═════ DATA ═════

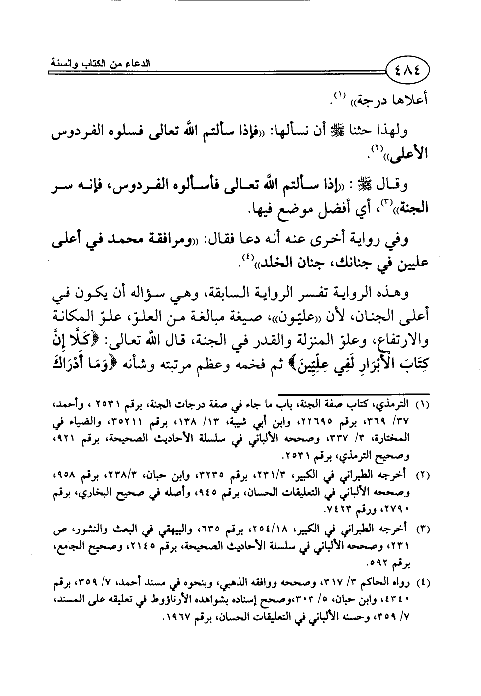 وهذه الرواية تفسر الرواية السابقة، وهي سؤاله أن يكون في أعلى الجنان، لأن ((عليّون))، صيغة مبالغة من العلوّ، علوّ المكانة والارتفاع، وعلوّ المنزلة والقدر في الجنة، قال اللَّه تعالى: {كَلَّا إِنَّ
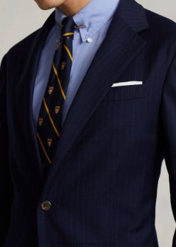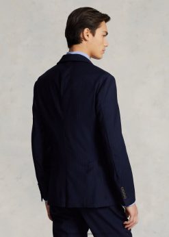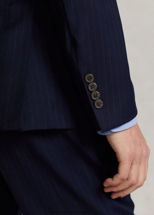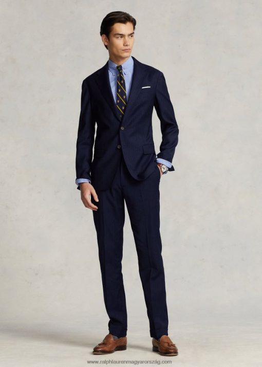 póló puha csíkcsíkos gyapjú öltöny kabát 2680481216 férfiak Ralph Lauren sötétkék csíkos
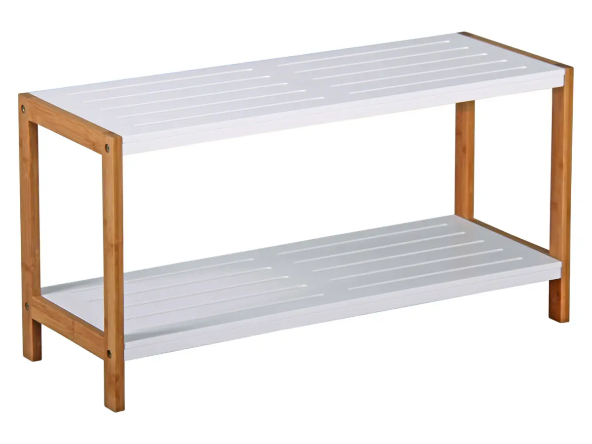 La estructura de bambú aporta la calidez del material natural junto con una resistencia superior a la humedad, ideal para una zona de entrada donde el calzado suele llegar mojado. Las baldas blancas crean un contraste fresco y limpio que encaja perfectamente en interiores modernos y de estilo escandinavo.
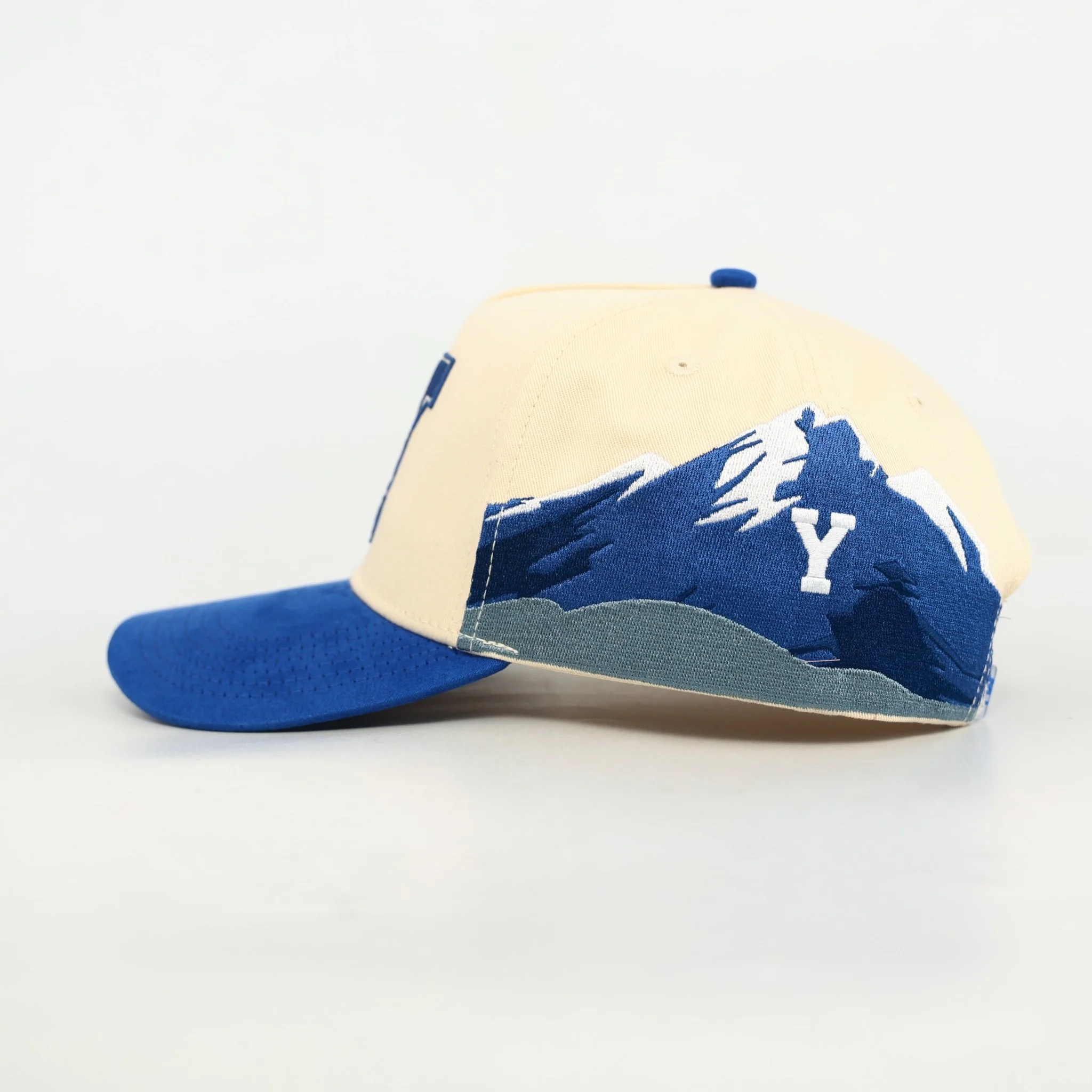 - Natural 5-panel crown with royal blue suede brim
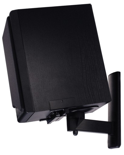 Uchwyt ścienny BT77 ma wyściełaną, regulowaną konstrukcję z mocowaniem bocznym, która pozwala zamontować głośniki bez użycia śrub.

═════

WHAT YOU ARE ASKED TO DO: Each entry above must be restated word for word; the pictures stay out of the copy.

OUTPUT OF THE TASK:
 وهذه الرواية تفسر الرواية السابقة، وهي سؤاله أن يكون في أعلى الجنان، لأن ((عليّون))، صيغة مبالغة من العلوّ، علوّ المكانة والارتفاع، وعلوّ المنزلة والقدر في الجنة، قال اللَّه تعالى: {كَلَّا إِنَّ
 póló puha csíkcsíkos gyapjú öltöny kabát 2680481216 férfiak Ralph Lauren sötétkék csíkos
 La estructura de bambú aporta la calidez del material natural junto con una resistencia superior a la humedad, ideal para una zona de entrada donde el calzado suele llegar mojado. Las baldas blancas crean un contraste fresco y limpio que encaja perfectamente en interiores modernos y de estilo escandinavo.
 - Natural 5-panel crown with royal blue suede brim
 Uchwyt ścienny BT77 ma wyściełaną, regulowaną konstrukcję z mocowaniem bocznym, która pozwala zamontować głośniki bez użycia śrub.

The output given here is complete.